Authors: Tomáš Bajtoš, Pavol Sokol, Terézia Mézešová
Abstract
Information security risks caused by difficult to exploit vulnerabilities are often treated with countermeasures as last due to their low likelihood of occurrence and should be given a high priority in security monitoring. In this paper, we propose an evaluation of detected attacks in terms of their difficulty – by assigning them an attacker’s skill level. We draw similarities between vulnerability’s exploitability score and aim to evaluate intrusion detection system alerts within the same framework. We also present the methodology on attacks from a dataset intended for evaluation of intrusion detection systems.
Introduction
The increasing number of systems connected to the Internet presents a new set of risks for organizations as they become an interesting target not only for opportunistic attacks but targeted multi -stage attacks as well. Security operation centres monitor the activity within an organization’s network for various threats and employ a wide range of tools to provide situational awareness to responsible asset owners. One of the most common practices is to correlate events from intrusion detection systems (IDS) into an attack path, a so-called multi -stage attack. These attacks are further prioritized, and the aim is to minimize the number of attacks that analysts must investigate.
In threat and risk analysis, often risks associated with vulnerabilities considered difficult to exploit are given a low priority for treatment. Therefore, analysts should be able to evaluate how difficult a detected attack is and treat it with high priority. This information can be forwarded to risk management and the appropriate countermeasures should be given a higher priority. To foster feedback between operations and security monitoring, there should be a common understanding of the two terms: the difficulty of an attack and the difficulty of vulnerability exploitation. In this paper, we focus on one of the attacker’s attributes, their ability to perform an attack – their skills, and divide attackers into 3 skill levels.
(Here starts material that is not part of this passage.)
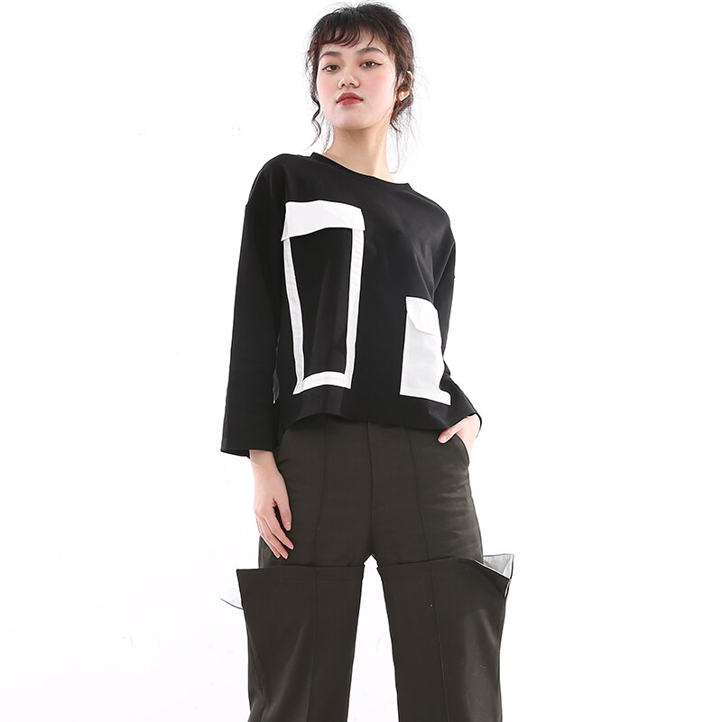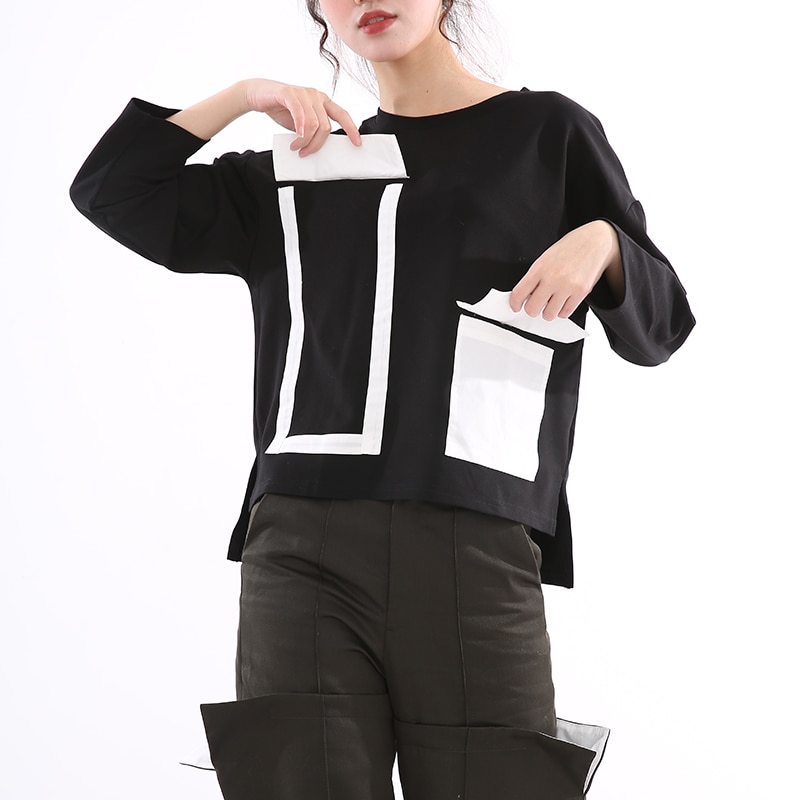 Adoptez le style vintage qui vous va bien avec ce sublime t-shirt à manches longues et col rond aux motifs géométriques rétro ! Le noir et blanc est indémodable et s’accorde facilement pour une tenue au look tendance.

To formalize the scope of this paper, we state the research objective of determining the skill level an attacker needs to create a detected multi-stage attack. The question of determining how difficult it is to exploit an individual vulnerability and subsequently an attack path generated from host vulnerability data was the scope of one of our previous work [1]. Skill levels are determined and as each vulnerability is scored upon being published, the score metrics are mapped to the skill levels. The idea presented in this paper creates a relationship between what kind of properties those metrics represent and how IDS alerts can be evaluated with regards to those properties. The contribution of this paper is that we can determine the skill level for detected attacks.
This paper contains 5 sections. In section 2 we discuss the related work on evaluating an attacker’s capabilities or difficulty of an attack. Section 3 presents how to adapt the methodology for evaluating skill level based on the vulnerability score to the multi-stage attacks. Finally, we present example cases on data from a public dataset in section 4.